- **Exercise data**
* * * *

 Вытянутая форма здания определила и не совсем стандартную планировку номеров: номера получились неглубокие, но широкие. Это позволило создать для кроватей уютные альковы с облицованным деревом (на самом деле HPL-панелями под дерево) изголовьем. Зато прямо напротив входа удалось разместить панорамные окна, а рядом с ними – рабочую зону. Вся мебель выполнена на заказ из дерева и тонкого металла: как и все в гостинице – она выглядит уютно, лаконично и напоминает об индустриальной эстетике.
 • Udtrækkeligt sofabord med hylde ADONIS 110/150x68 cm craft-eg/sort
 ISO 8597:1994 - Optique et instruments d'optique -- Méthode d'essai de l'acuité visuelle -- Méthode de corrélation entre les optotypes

* * * *

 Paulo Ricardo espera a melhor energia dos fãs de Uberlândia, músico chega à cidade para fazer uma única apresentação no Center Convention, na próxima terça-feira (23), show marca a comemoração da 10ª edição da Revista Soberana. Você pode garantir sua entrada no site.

* * * *

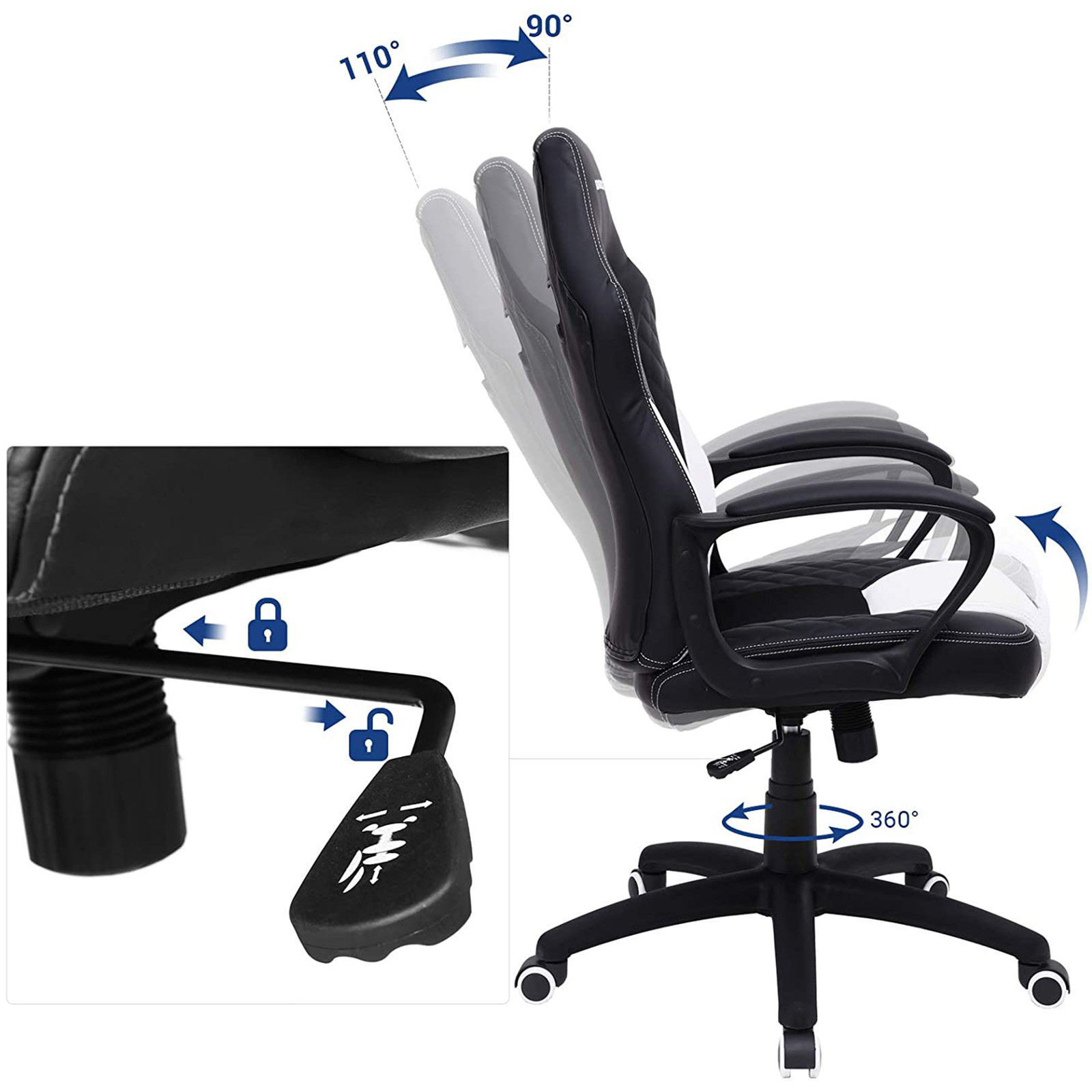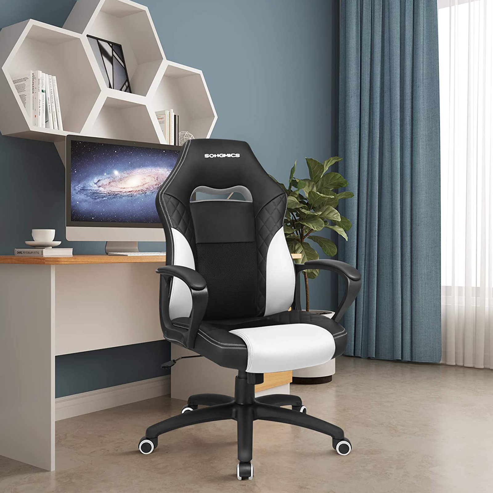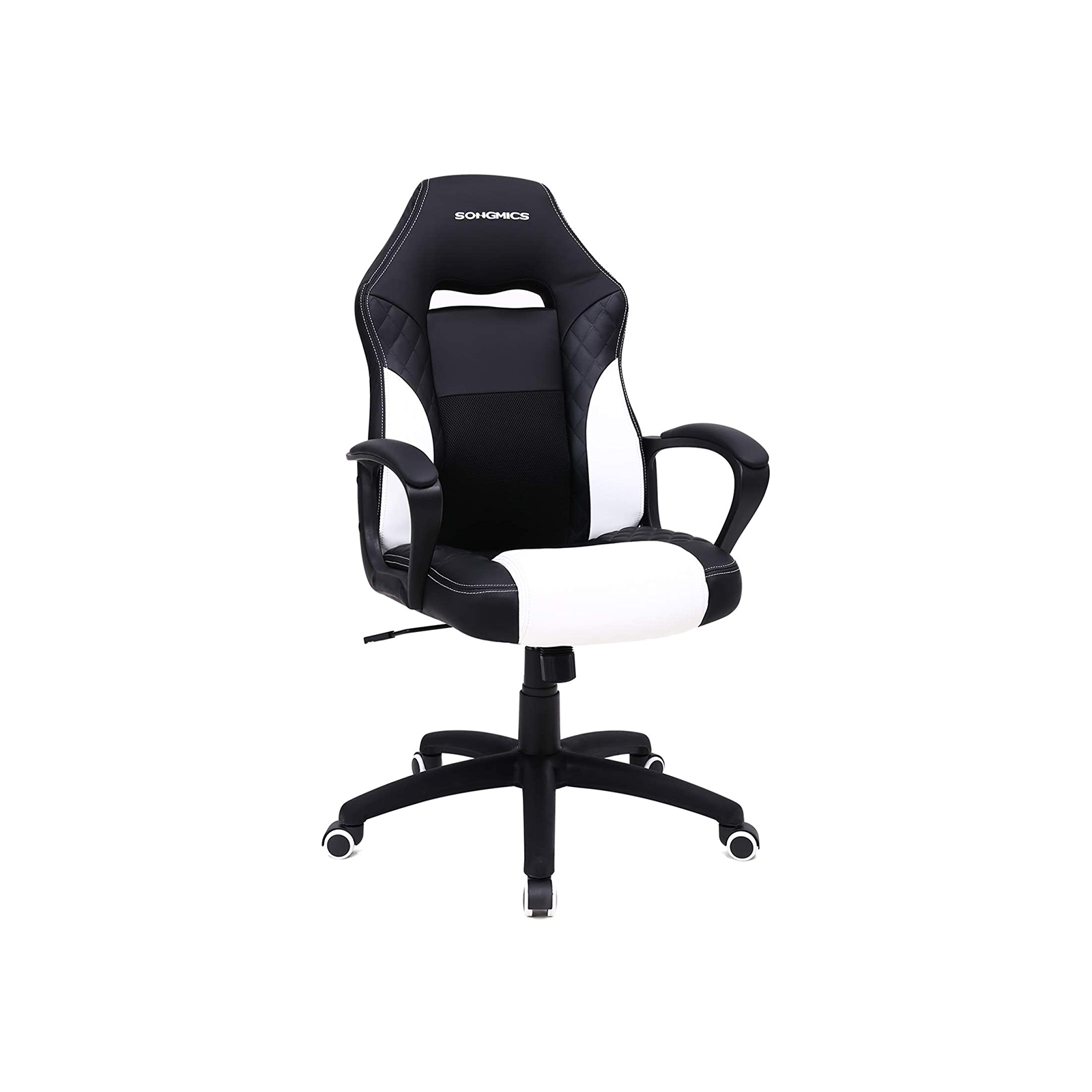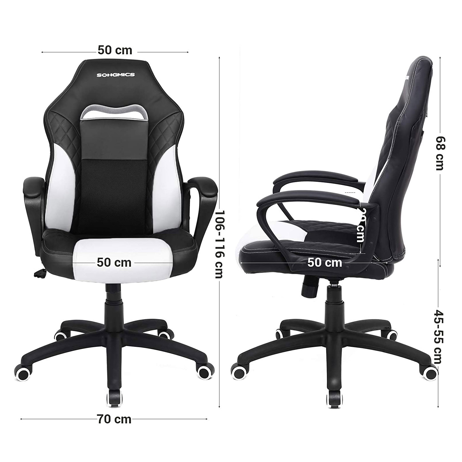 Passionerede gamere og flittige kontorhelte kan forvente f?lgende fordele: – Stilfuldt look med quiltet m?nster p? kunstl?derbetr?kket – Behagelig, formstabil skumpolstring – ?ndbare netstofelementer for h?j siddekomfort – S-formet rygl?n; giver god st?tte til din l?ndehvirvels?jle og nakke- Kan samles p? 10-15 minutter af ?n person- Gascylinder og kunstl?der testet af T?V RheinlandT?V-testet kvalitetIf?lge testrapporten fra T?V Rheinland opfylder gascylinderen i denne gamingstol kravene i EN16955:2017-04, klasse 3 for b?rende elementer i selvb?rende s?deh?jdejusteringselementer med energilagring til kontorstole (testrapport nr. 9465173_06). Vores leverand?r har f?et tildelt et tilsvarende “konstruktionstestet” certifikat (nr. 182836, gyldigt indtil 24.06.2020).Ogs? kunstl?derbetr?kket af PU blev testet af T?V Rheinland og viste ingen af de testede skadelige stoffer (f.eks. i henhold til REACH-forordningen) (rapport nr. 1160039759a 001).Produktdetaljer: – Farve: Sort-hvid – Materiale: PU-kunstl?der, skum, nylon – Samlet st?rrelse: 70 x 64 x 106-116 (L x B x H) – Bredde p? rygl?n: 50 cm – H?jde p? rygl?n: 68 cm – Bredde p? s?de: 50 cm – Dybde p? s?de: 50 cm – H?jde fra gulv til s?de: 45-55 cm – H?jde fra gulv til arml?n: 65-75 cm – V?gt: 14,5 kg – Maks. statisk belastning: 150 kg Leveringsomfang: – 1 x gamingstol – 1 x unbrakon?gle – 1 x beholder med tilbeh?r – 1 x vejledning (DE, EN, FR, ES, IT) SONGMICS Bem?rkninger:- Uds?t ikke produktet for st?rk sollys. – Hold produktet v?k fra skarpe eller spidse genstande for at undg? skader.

* * * *

Where the listing above reaches the line that contains "110/150x68 cm craft-eg/sort", start retyping, and finish with the line that contains "ISO 8597:1994 - Optique"; reproduce those lines exactly and no others.

- **Task response**
 • Udtrækkeligt sofabord med hylde ADONIS 110/150x68 cm craft-eg/sort
 ISO 8597:1994 - Optique et instruments d'optique -- Méthode d'essai de l'acuité visuelle -- Méthode de corrélation entre les optotypes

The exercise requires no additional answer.